## Aim of the exercise
Without the images, repeat every line of the listing exactly.

---------- Collected data ----------

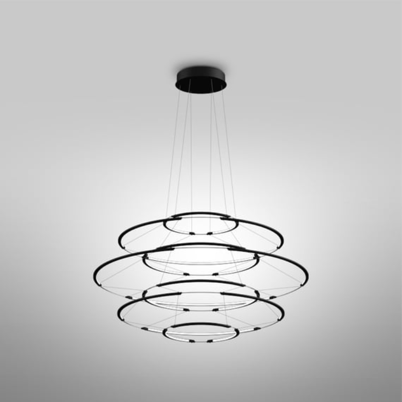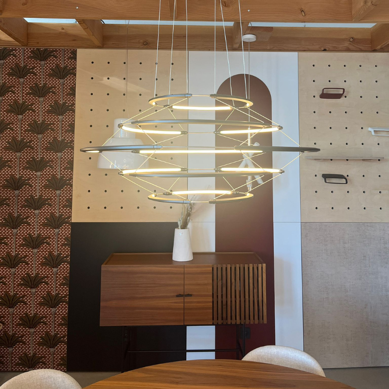 La Drop 5 de Nemo Lighting est une suspension emblématique qui marie innovation technologique et esthétique minimaliste. Conçue par le designer japonais Arihiro Miyake, elle se compose de cinq anneaux en aluminium ultra-fin, reliés par des connexions miniaturisées, créant une structure légère et flottante.
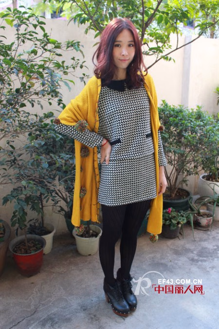 看似假两件实则One peace的连身裙穿出“假把式”,搭配一条柠檬黄色带毛球球的围巾,穿出披肩的效果。
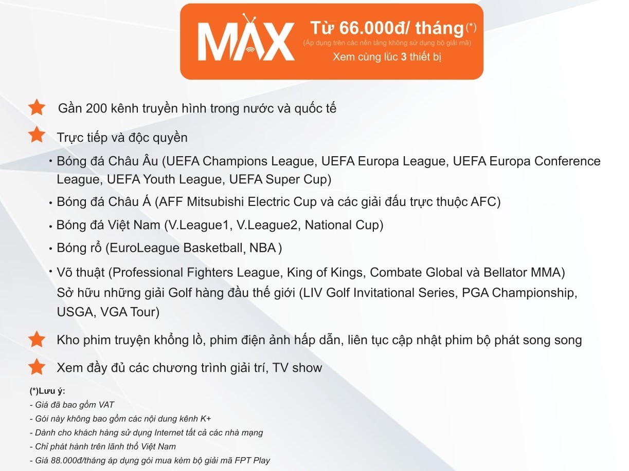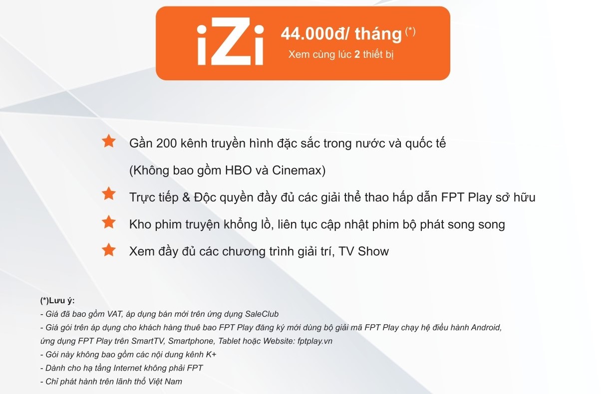 Các gói dịch vụ FPT Play cho khách hàng lựa chọn phù hợp mọi nhu cầu Đăng ngày 11/06/202322/08/2024 by FPT Telecom GÓI MAX GÓI VIP GÓI IZI GÓI K+ DANH SÁCH KÊNH FPT Telecom. Lắp đặt trọn gói FPT Camera thông minh giám sát an ninh cho mọi nhà Internet LUX WiFi-6 | Trải nghiệm ngay Internet cáp quang băng thông không giới hạn.

----------

## Task output
 La Drop 5 de Nemo Lighting est une suspension emblématique qui marie innovation technologique et esthétique minimaliste. Conçue par le designer japonais Arihiro Miyake, elle se compose de cinq anneaux en aluminium ultra-fin, reliés par des connexions miniaturisées, créant une structure légère et flottante.
 看似假两件实则One peace的连身裙穿出“假把式”,搭配一条柠檬黄色带毛球球的围巾,穿出披肩的效果。
 Các gói dịch vụ FPT Play cho khách hàng lựa chọn phù hợp mọi nhu cầu Đăng ngày 11/06/202322/08/2024 by FPT Telecom GÓI MAX GÓI VIP GÓI IZI GÓI K+ DANH SÁCH KÊNH FPT Telecom. Lắp đặt trọn gói FPT Camera thông minh giám sát an ninh cho mọi nhà Internet LUX WiFi-6 | Trải nghiệm ngay Internet cáp quang băng thông không giới hạn.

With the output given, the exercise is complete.